Again, the answers are found in James' letter to us.What do you do when you are faced with such an amazing display of love? Have you read the book of Hosea yet? I urge you to STOP what you are doing and make time to do so. YOU are Gomer, I am Gomer. The Lord pursues us and loves us with a love that is UNFATHOMABLE. I don't love like that. I am learning to though. The response to that kind of unmerited love is the joy of daily, hourly, minute by minute repentance. It is seeing, admitting, confessing and forsaking sin in our lives. It is adoring Christ for Who He is and what He has done for you.

James 4:7-10 "So be subject to God. Resist the devil (stand firm against him), and he will flee from you. Come close to God and He will come close to you. (Recognize that you are) sinners, get your soiled hands clean; (realize that you have been disloyal) wavering individuals with divided interests, and purify your hearts (of your spiritual adultery). (As you draw near to God) be deeply penitent and grieve, even weep(over your disloyalty). Let your laughter be turned to grief and your mirth to dejection and heartfelt shame (for your sins). Humble yourselves (feeling very insignificant) in the presence of the Lord, and He will exalt you (He will lift you up and make your lives significant.)"

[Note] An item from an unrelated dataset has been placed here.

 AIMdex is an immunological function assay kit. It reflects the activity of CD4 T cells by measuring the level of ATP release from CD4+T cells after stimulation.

Remember that training I talked about earlier? The conflicts we have with those closest to us prepare us for the conflict we have with those outside of our family. Those that consider us their enemies. If we can not resolve a conflict biblically with our loved ones how can we present Christ to those we consider strangers?

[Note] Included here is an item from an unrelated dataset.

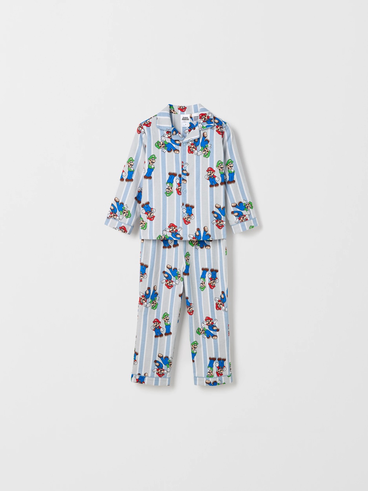 Treat your little adventurer to evenings filled with Super Mario excitement in this comfortable younger boys pyjama set. Made from soft Australian cotton flannel, this two-piece offers a lightweight, breathable feel that’s perfect for winding down after playful days. An all-over Super Mario print brings joy to bedtime, while thoughtful details like the smart square collar, button-down front, and piping around the cuffs add a charming touch. The elastic waistband on the trousers ensures a comfortable, fuss-free fit, making them ideal for lively dreamers. Give your child’s night-time routine a colourful boost, and feel great knowing they’re comfortable right through till morning. Let playtime continue in dreamland—add the Super Mario pyjama set to your basket today!

I am always, ALWAYS reminded of Corrie Ten Boom and her sister Betsie who were in a Nazi concentration camp. Betsie often chastised Corrie for her ill-tempered responses to the inhumane treatment they received from the guards. Betsie, according to Corrie's recording of their ordeal was always willing to turn the other cheek and always offered a kind word in place of the harsh ones she was given. Years later when Corrie was speaking on the subject of God's forgiveness one of the guards came up to speak to her afterwards and she felt herself filled with the old familiar rage against all of the injustices wrought by this person against she and her sister and she prayed, simply, "Jesus, help me." and followed it with an action.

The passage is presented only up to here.